**Instructions for the task:** Retype, without pictures, the line holding "Ancora più compatto" and each line below it through the final line.

**Information provided:**
━━━

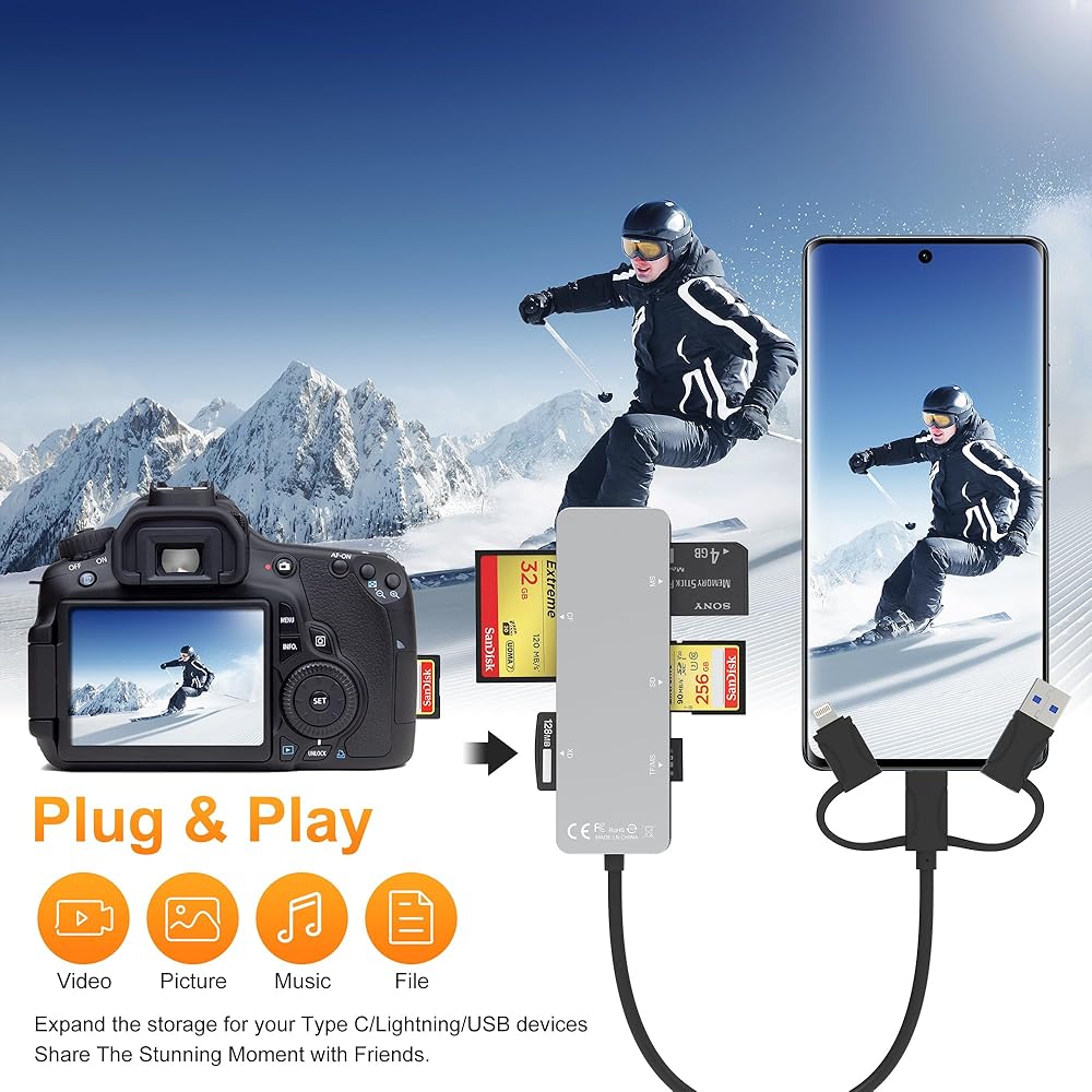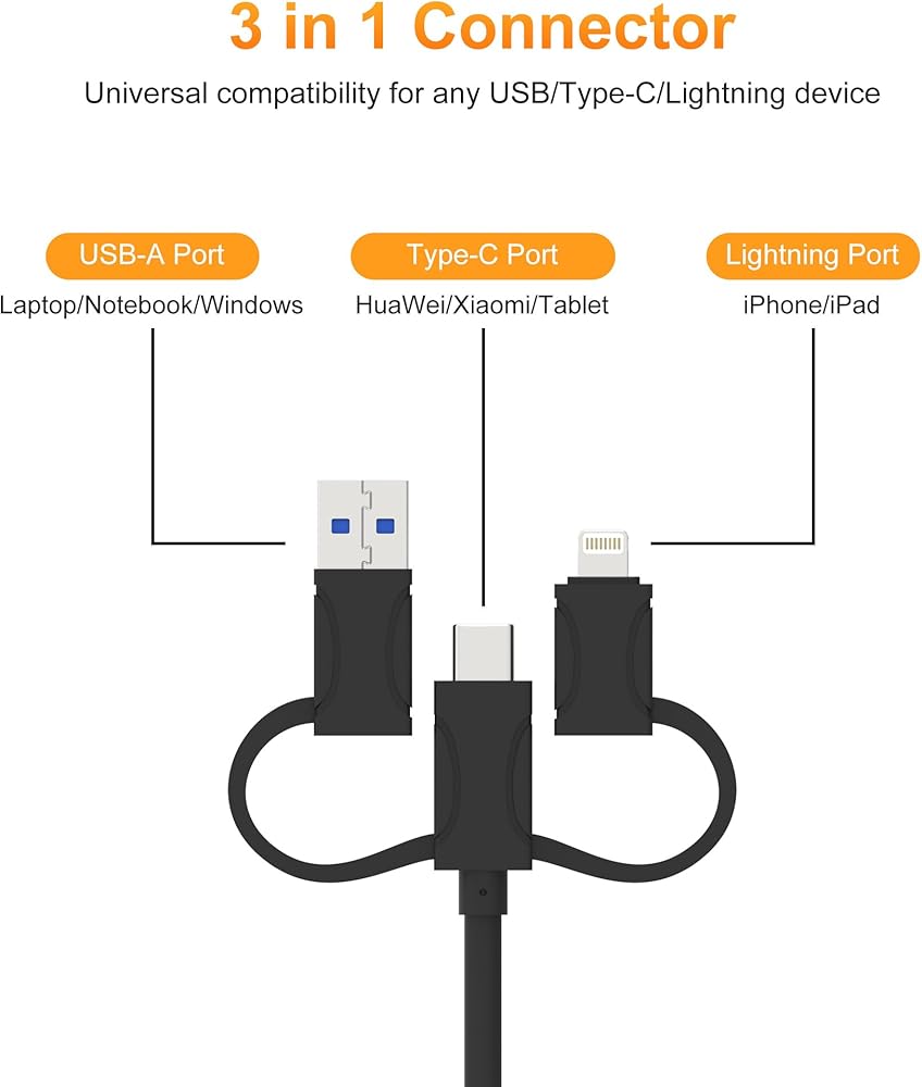 تصميم Lightning+USB C+USB A بثلاثة موصلات: محول بطاقة الذاكرة مجهز بموصل Lightning+USB C+USB 3.0 3 في 1، وهو متوافق مع مجموعة متنوعة من الأجهزة مما يضمن سهولة الاستخدام على أجهزة الكمبيوتر المكتبية والأجهزة اللوحية والهواتف المحمولة -pad والهواتف الذكية USB-C. يترك الكابل بطول 17 سم مساحة أكبر للمنافذ الأخرى دون حجبها
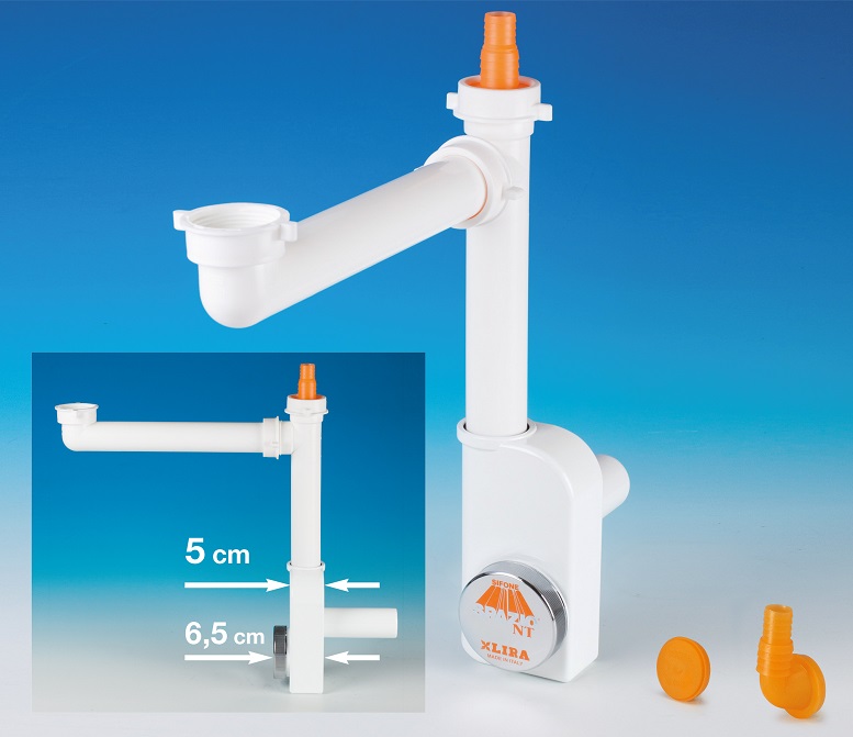 Ancora più compatto nelle sue dimensioni (65 mm di spessore) unite ad una forma più dinamica, il Sifone Spazio 1NT EVOLUTION di LIRA (Valduggia, VC) conferma la collaudata esperienza e affidabilità della famiglia dei sifoni Spazio NT.
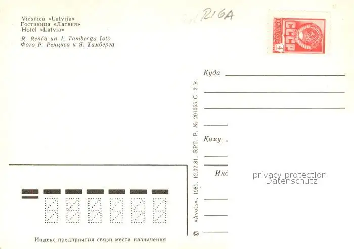 Riga_Lettland Hotel Latvia Restaurant Riga_Lettland postalisch nicht gelaufen 1981 Erhaltung siehe scans [FriedD77] Frierer
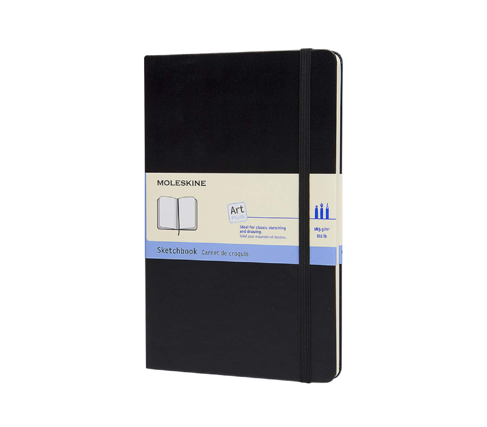 Il quaderno per schizzi Moleskine grande ha copertina rigida, angoli arrotondati, carta priva di acidi certificata FSC, segnalibro, elastico e tasca interna. Ideale per disegni e appunti.

━━━

**Written response:**
 Ancora più compatto nelle sue dimensioni (65 mm di spessore) unite ad una forma più dinamica, il Sifone Spazio 1NT EVOLUTION di LIRA (Valduggia, VC) conferma la collaudata esperienza e affidabilità della famiglia dei sifoni Spazio NT.
 Riga_Lettland Hotel Latvia Restaurant Riga_Lettland postalisch nicht gelaufen 1981 Erhaltung siehe scans [FriedD77] Frierer
 Il quaderno per schizzi Moleskine grande ha copertina rigida, angoli arrotondati, carta priva di acidi certificata FSC, segnalibro, elastico e tasca interna. Ideale per disegni e appunti.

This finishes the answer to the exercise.